The Gingerbread Fox by Tracy Fells

‘The Gingerbread Fox’ was one of the stories shortlisted in the Funny Pearls Short Story Competition 2020. We are proud to share it with our readers. 


 

Alex Prince arrived at the palace eager and ready to bake. He had journeyed across snow-kissed mountains and windswept plains on a quest to win the hand of the king’s daughter. Over three days – declared a public holiday by royal charter – Alex and two others would each present the princess with a dish to tempt her failing appetite.
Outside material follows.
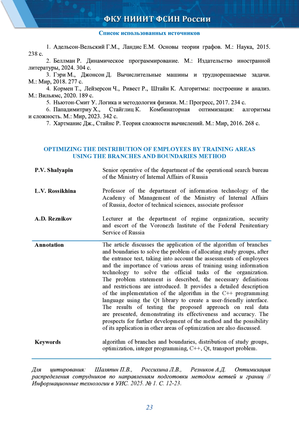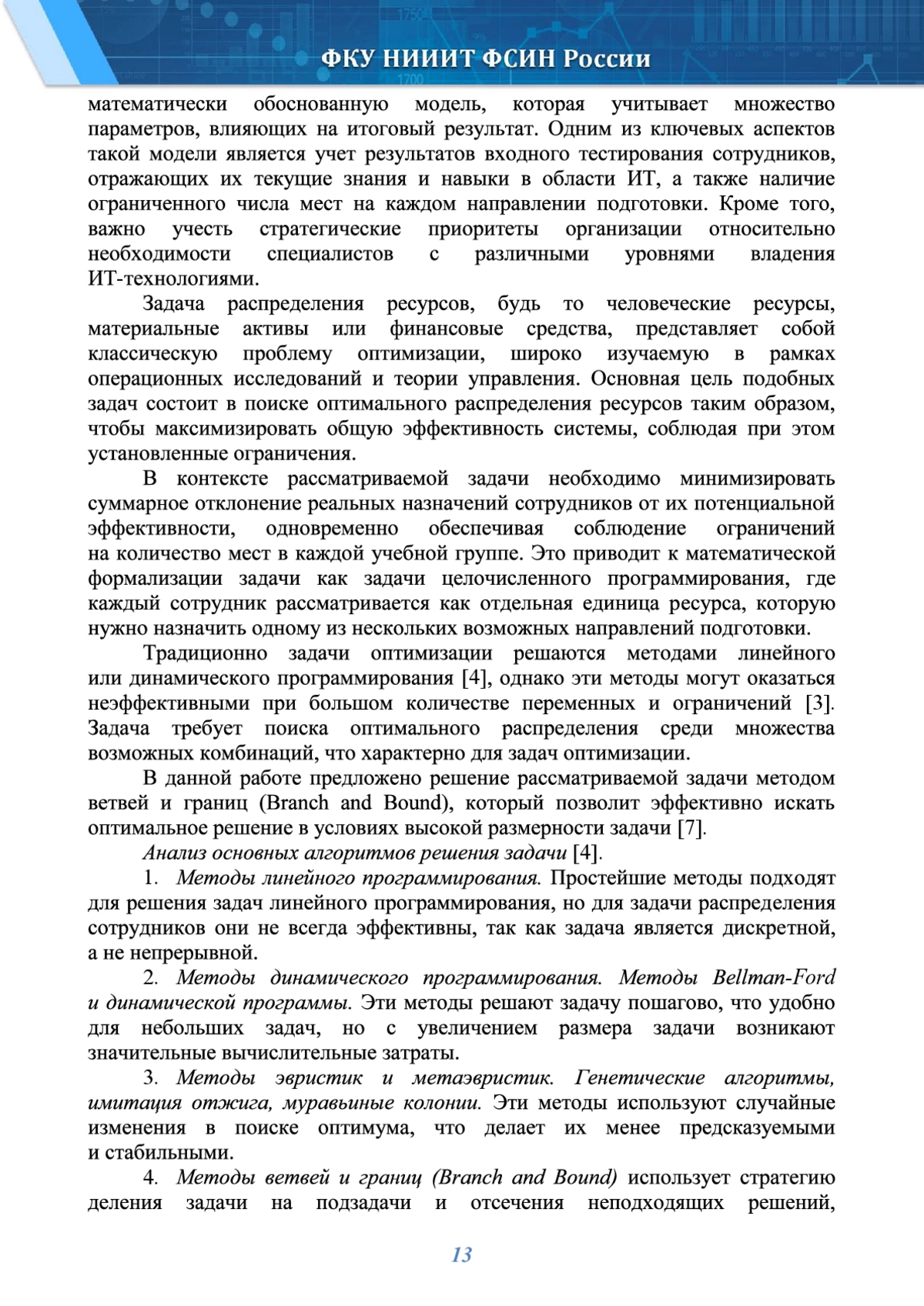 Статья: ОПТИМИЗАЦИЯ РАСПРЕДЕЛЕНИЯ СОТРУДНИКОВ ПО НАПРАВЛЕНИЯМ ПОДГОТОВКИ МЕТОДОМ ВЕТВЕЙ И ГРАНИЦ (2025)

Her six older sisters had all wasted away following their seventeenth birthdays, and now only she remained. The princess came with a dowry: a room filled with gold.
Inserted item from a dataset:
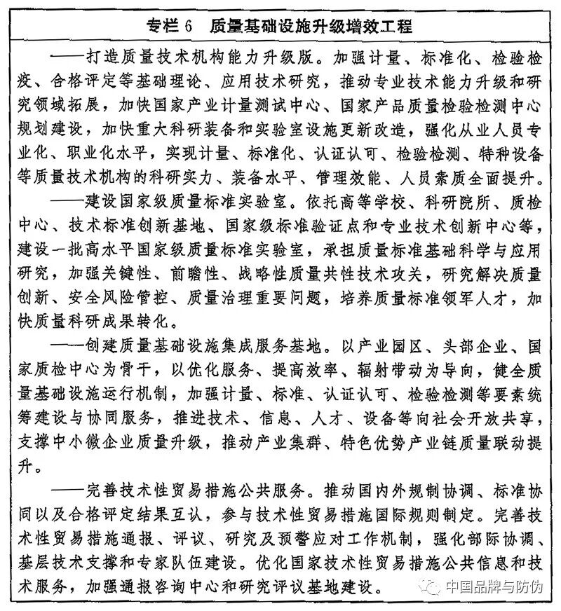 (二十三)加强质量基础设施能力建设。合理布局国家、区域、产业质量技术服务机构,建设系统完备、结构优化、高效实用的质量基础设施。实施质量基础设施能力提升行动,突破量子化计量及扁平化量值传递关键技术,构建标准数字化平台,发展新型标准化服务工具和模式,加强检验检测技术与装备研发,加快认证认可技术研究由单一要素向系统性、集成化方向发展。加快建设国家级质量标准实验室,开展先进质量标准、检验检测方法、高端计量仪器、检验检测设备设施的研制验证。完善检验检测认证行业品牌培育、发展、保护机制,推动形成检验检测认证知名品牌。加大质量基础设施能力建设,逐步增加计量检定校准、标准研制与实施、检验检测认证等无形资产投资,鼓励社会各方共同参与质量基础设施建设。

His Twitter profile declared him tall, dark and handsome with a passion for all things sweet and sticky. In truth Alex was below average height with a characterful nose and blackcurrant eyes. He did wear his long, liquorice-black hair swept back into a dashing ponytail and kept his beard trimmed to a sexy stubble, but used a Gingerbread Man emoticon as his avatar picture.

When it came to the draw, he pulled out the longest cinnamon stick, meaning he would go last in the challenge. Alex had a dream and needed a room full of gold to make it come true and, like any good son, he also yearned to make his mum proud.

Day one ended in a vat of bubbling sugar for chocolatier Gustav Mocha when his edible volcano, flowing with molten chocolate and marshmallow boulders, left the princess unimpressed. The palace guards led Gustav to the kitchen, burbling and pleading for his freedom, while the Chancellor, in a cut-glass voice, clarified how the failed suitor must now be caramelised. Gustav’s last request was to take a carafe of sea salt with him into the vat.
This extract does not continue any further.